- 04 Nov 15
Saoirse Ronan excels in stunning 1950s tale of love and immigration
There’s a poignant, chest-swelling lyricism to Brooklyn – a visual ballad about immigration, home and love. Director John Crowley brings Colm Toibin’s words to the screen with deftness and grace, capturing the bustling, pink- skied wonder of 1950s America; the reed-rustling, fresh-aired beauty of Ireland; and the turmoil of a young woman torn between them.
Saoirse Ronan’s eyes always manage to radiate an energy that’s forever on a precipice, constantly deciding between tears and steel. She’s the perfect choice for Eilis, a young Enniscorthy woman who leaves her mother (Jane Brennan) and sister (Fiona Glascott) to seek out work in New York. The emotional ambivalence Ronan portrays is echoed by Crowley’s portrayal of her journey. There’s little easy sentiment or romanticising of this departure from home. Her experiences are initially more ordeal than adventure, from her transatlantic voyage, depicted in all its lurching discomfort, to her growing sense of alienation and struggle to figure out who she is. The sense of unease and unfamiliar evoked by the daunting cityscape of New York is an affecting metaphor for a woman suddenly faced with the potential of the world, and her own place within it.

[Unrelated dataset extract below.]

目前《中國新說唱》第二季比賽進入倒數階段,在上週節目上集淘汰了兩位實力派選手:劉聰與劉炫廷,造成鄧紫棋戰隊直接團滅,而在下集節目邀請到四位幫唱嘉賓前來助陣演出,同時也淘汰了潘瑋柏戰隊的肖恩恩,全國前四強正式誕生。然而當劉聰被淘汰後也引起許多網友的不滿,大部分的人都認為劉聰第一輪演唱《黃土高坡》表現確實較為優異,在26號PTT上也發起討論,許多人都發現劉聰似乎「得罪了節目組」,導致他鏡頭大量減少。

A pair of suitors further complicate Eilis’ pull between her two homes, and her sense of self within them. Italian-American plumbing apprentice Tony (Emory Cohen) is all mischief and bravado and barely-concealed romanticism, whose ever-growing adoration for Eilis can be plainly seen on his joystruck face. However, a trip back to Ireland introduces Eilis to Jim (Domhnall Gleeson), a generous-hearted society man who is quietly insecure that he can’t complete with Eilis’ American adventures.

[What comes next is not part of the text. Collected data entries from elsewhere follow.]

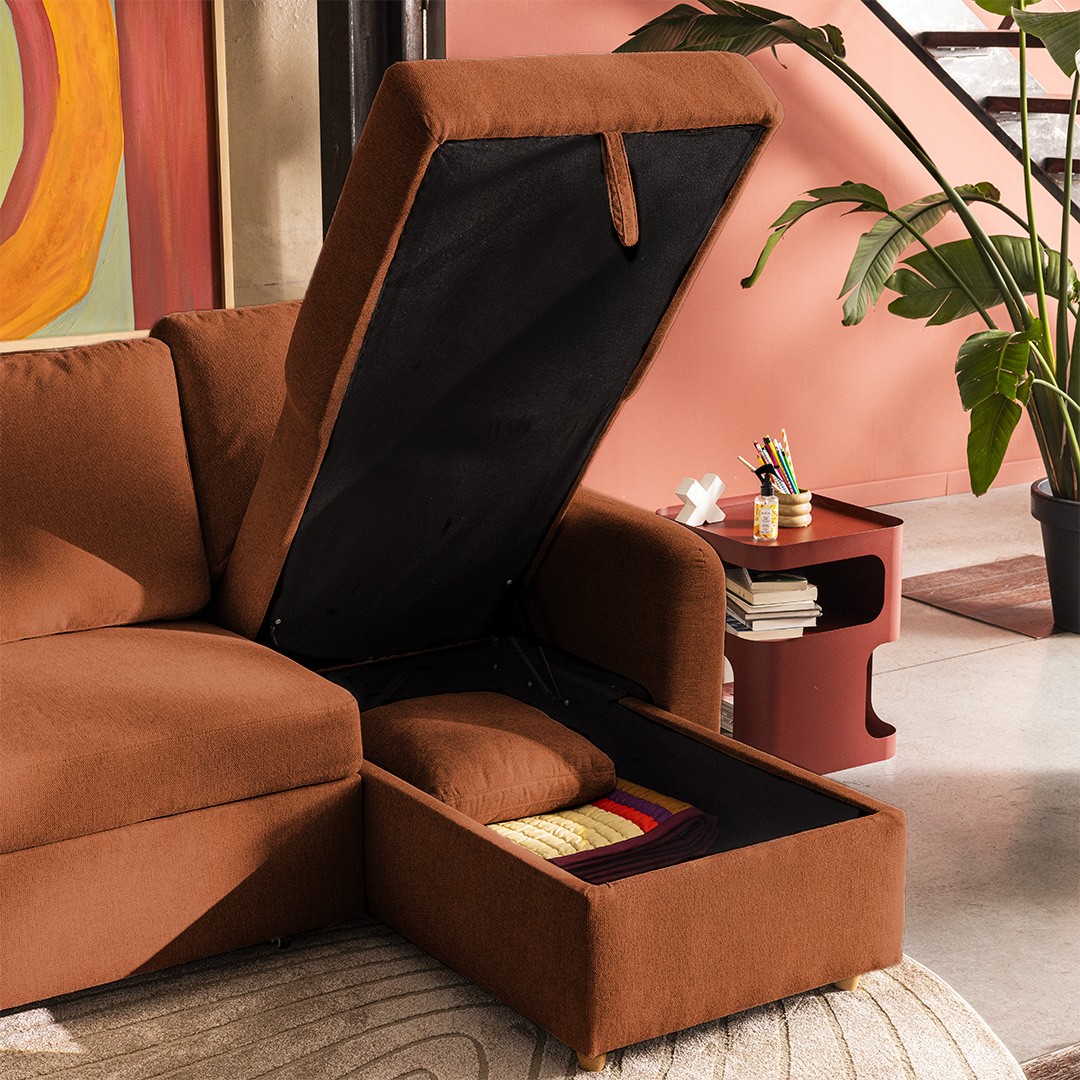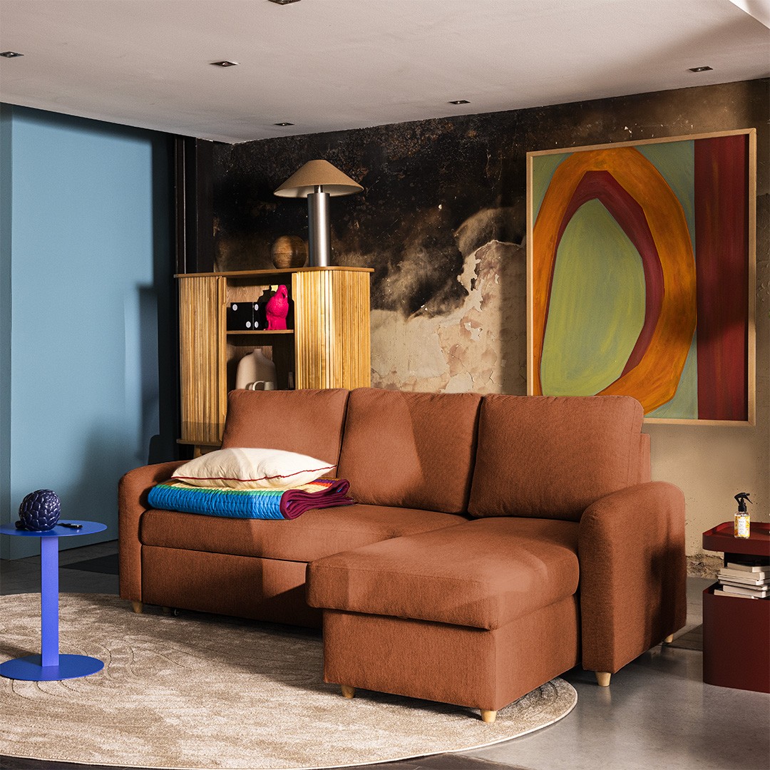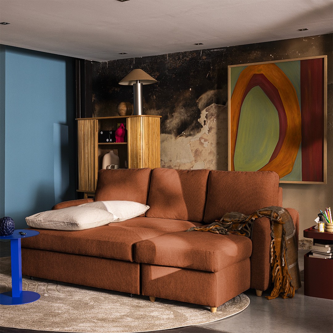Découvrez notre canapé qui fait tout le taf et qui cumule 3 bons points : il est convertible, possède un coffre de rangement intégré ET un angle réversible. Un sans faute.
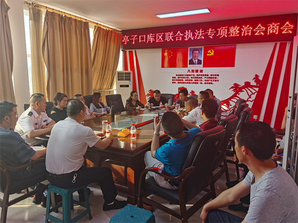 5月20-22日,全市“两湖”联合执法专项整治行动在剑阁县店子至樵店段多点水域举行。行动前,在店子镇政府召开了亭子口库区联合执法专项整治会商会。
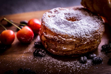 Cronuts are a croissant and donut mixture with vanilla custard and berries on dark background.
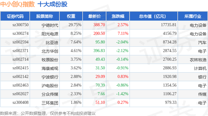 证券之星消息,11月5日,中小创Q(399294)指数报收于3657.24点,涨1.16%,成交835.22亿元,换手率1.17%。当日该指数成份股中,上涨的有26家,阳光电源以7.11%的涨幅领涨,下跌的有24家,完美世界以6.01%的跌幅领跌。
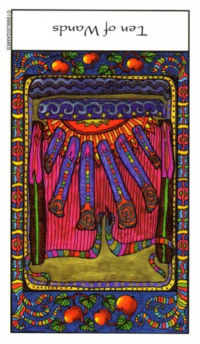 The 10 of Wands is therefore the transition from the element Fire (associated with Wands) to the element Water, associated with Cups. As you might imagine, this not the easiest of transitions.
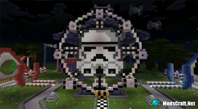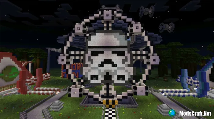 Карта Star Wars Theme Park является удивительной картой для Minecraft PE, особенно если вы является большим поклонником Звёздных Войн. Есть много интересных построек, которые удивят вас. Всё начинается от американских горок и заканчивается мини-играми. Дизайн карты выполнен невероятно качественно, предлагаем вам посмотреть пару скриншотов карты ниже, а лучше скачать карту самому и посмотреть её самому =)
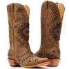 Cano de aproximadamente 32cm, em couro bovino, na cor Dakar Havana, com bordados em alta definição e aplicação de rebites.
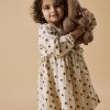 Langermet kjole med knapping bak i vevet stoff, komfortabel og løs passform. Styles med strømpebukser eller leggings i samme farge eller annet fra den fine kolleksjonen.
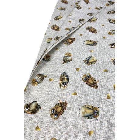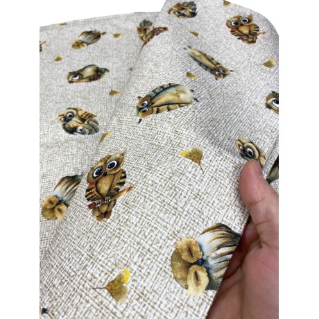 Tejido impreso digitalmente , este patrón representa pequeños búhos sobre un fondo beige.

The ever-growing emotional stakes, the realism of Eilis’ growth into a self-possessed woman and the influence of the superbly written supporting characters makes Brooklyn an oxygen-thinning ascent to a dramatic and powerful climax. Any Irish person touched by emigration – and that would be 99 per cent of us – will find the movie equally resonant and emotive.